* [Exercise description]
Using the data below, reproduce exactly the lines from the line with "2019年5月,成都市新都區" to the line with "Der Kerzenhalter mit", both included; pictures must be dropped.

* [The input]

##########

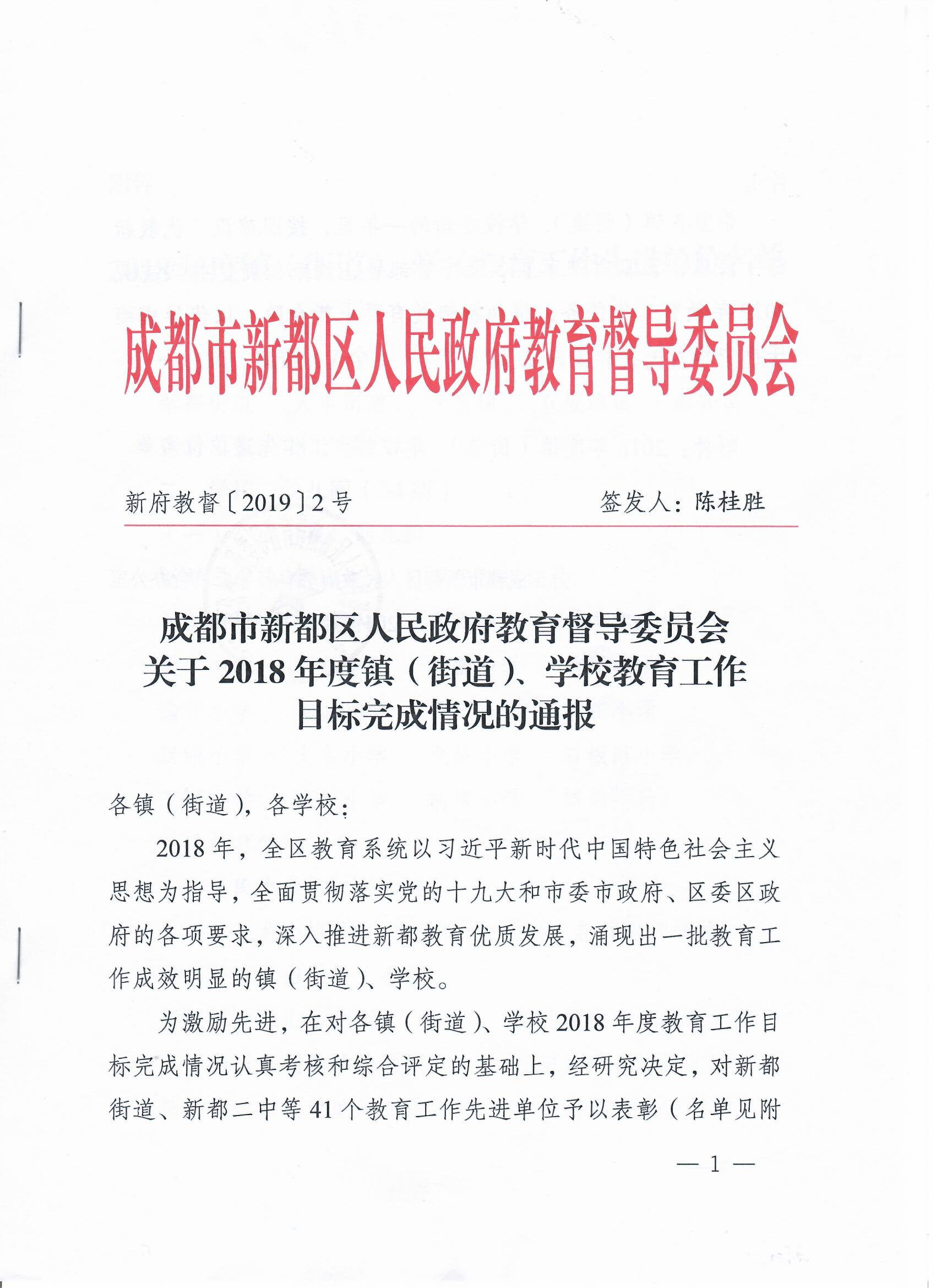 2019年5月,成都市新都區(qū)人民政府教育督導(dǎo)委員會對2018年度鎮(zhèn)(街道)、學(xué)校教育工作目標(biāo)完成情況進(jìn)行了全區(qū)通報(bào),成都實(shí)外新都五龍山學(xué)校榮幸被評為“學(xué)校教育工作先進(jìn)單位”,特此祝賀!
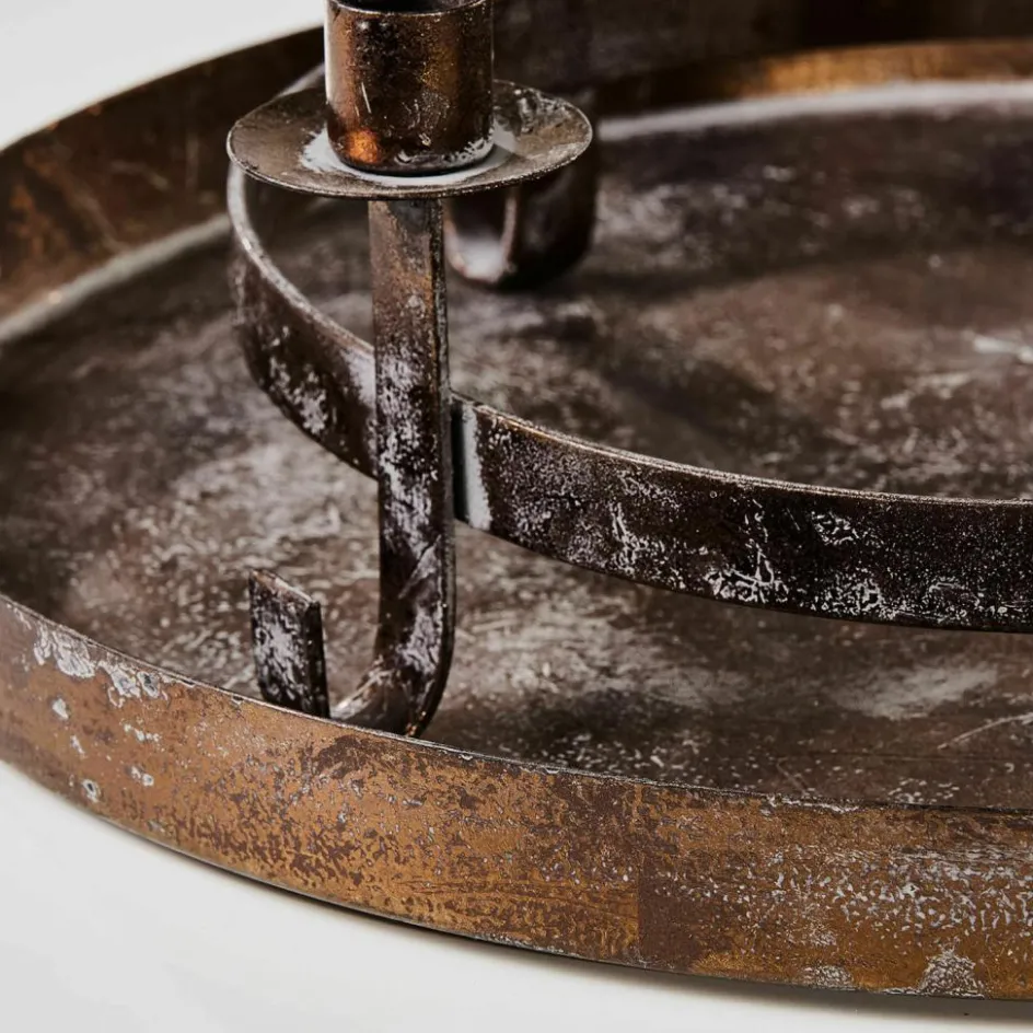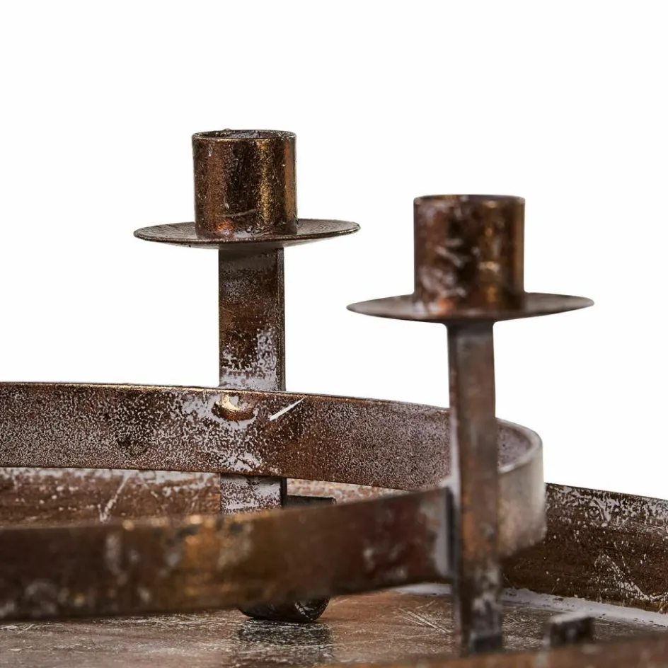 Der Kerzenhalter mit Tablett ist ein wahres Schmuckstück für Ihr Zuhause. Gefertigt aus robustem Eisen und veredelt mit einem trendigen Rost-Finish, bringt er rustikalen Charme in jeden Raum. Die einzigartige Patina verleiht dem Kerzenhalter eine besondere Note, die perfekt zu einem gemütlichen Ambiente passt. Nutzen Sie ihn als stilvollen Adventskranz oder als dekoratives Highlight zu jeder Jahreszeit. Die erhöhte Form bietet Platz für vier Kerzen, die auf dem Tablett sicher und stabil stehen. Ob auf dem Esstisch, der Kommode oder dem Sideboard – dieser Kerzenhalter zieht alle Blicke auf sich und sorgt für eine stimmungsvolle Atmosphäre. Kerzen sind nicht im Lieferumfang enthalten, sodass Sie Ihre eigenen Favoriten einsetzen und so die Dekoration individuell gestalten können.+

##########

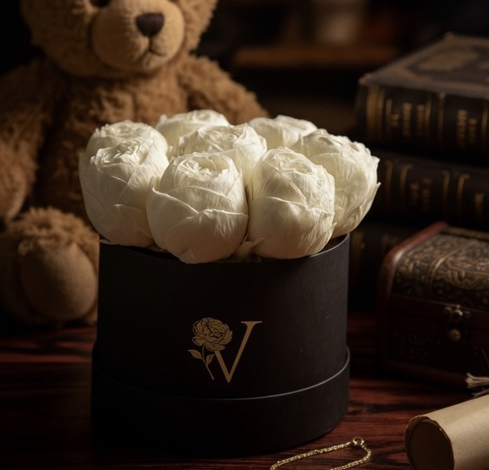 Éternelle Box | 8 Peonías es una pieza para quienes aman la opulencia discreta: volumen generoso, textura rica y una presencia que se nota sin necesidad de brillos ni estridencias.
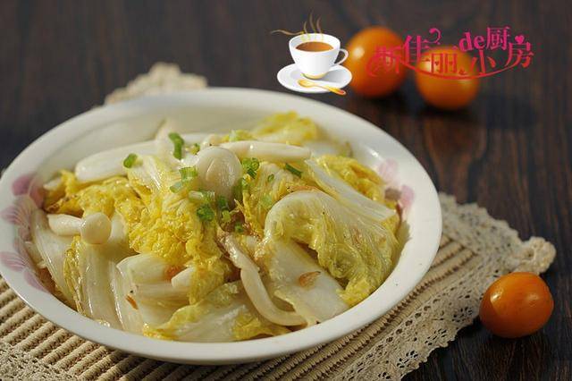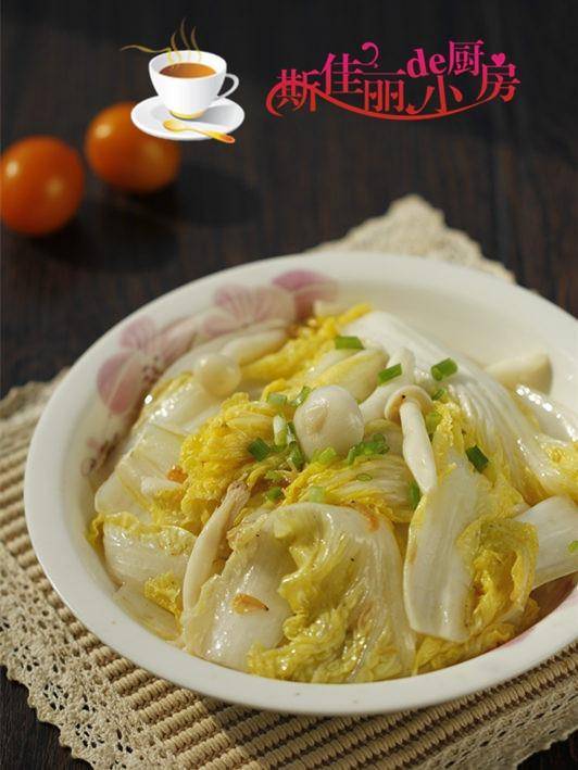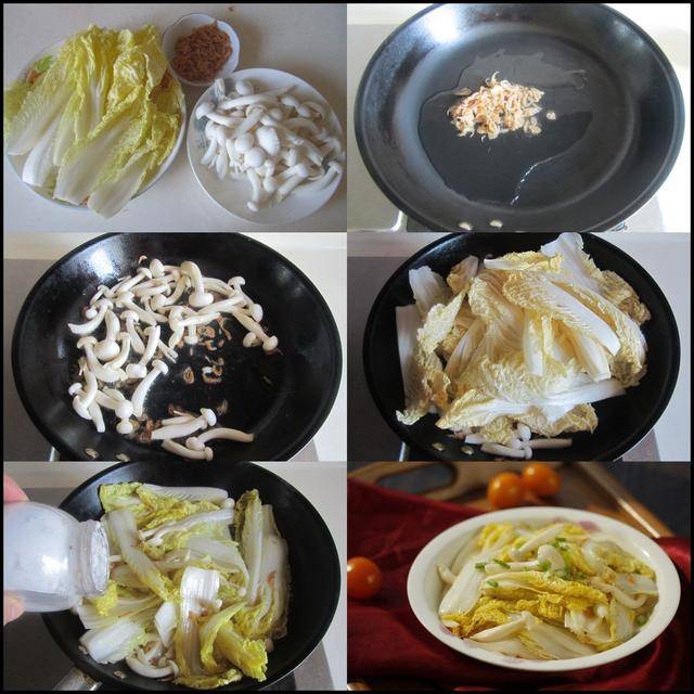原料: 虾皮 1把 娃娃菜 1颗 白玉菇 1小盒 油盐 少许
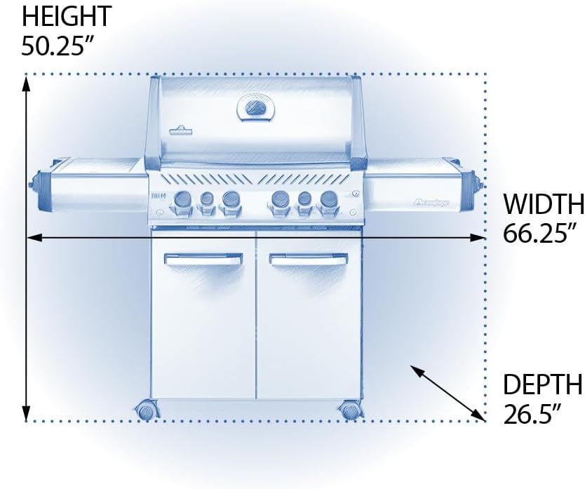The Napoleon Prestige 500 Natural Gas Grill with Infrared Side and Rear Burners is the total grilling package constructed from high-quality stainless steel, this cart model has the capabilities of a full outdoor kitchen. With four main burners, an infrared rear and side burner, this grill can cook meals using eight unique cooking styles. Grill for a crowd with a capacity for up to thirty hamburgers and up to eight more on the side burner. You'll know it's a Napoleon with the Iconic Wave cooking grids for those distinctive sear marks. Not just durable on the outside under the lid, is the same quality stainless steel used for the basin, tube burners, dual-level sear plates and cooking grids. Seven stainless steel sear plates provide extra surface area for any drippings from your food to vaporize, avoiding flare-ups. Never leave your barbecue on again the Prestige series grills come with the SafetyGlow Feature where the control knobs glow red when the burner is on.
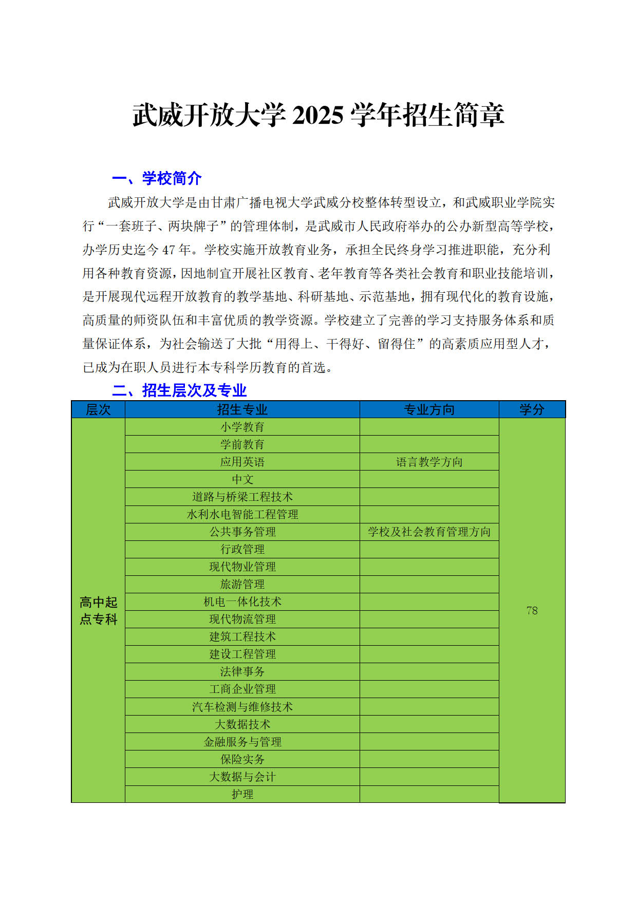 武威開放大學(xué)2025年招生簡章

##########

* [Finished task]
 2019年5月,成都市新都區(qū)人民政府教育督導(dǎo)委員會對2018年度鎮(zhèn)(街道)、學(xué)校教育工作目標(biāo)完成情況進(jìn)行了全區(qū)通報(bào),成都實(shí)外新都五龍山學(xué)校榮幸被評為“學(xué)校教育工作先進(jìn)單位”,特此祝賀!
 Der Kerzenhalter mit Tablett ist ein wahres Schmuckstück für Ihr Zuhause. Gefertigt aus robustem Eisen und veredelt mit einem trendigen Rost-Finish, bringt er rustikalen Charme in jeden Raum. Die einzigartige Patina verleiht dem Kerzenhalter eine besondere Note, die perfekt zu einem gemütlichen Ambiente passt. Nutzen Sie ihn als stilvollen Adventskranz oder als dekoratives Highlight zu jeder Jahreszeit. Die erhöhte Form bietet Platz für vier Kerzen, die auf dem Tablett sicher und stabil stehen. Ob auf dem Esstisch, der Kommode oder dem Sideboard – dieser Kerzenhalter zieht alle Blicke auf sich und sorgt für eine stimmungsvolle Atmosphäre. Kerzen sind nicht im Lieferumfang enthalten, sodass Sie Ihre eigenen Favoriten einsetzen und so die Dekoration individuell gestalten können.+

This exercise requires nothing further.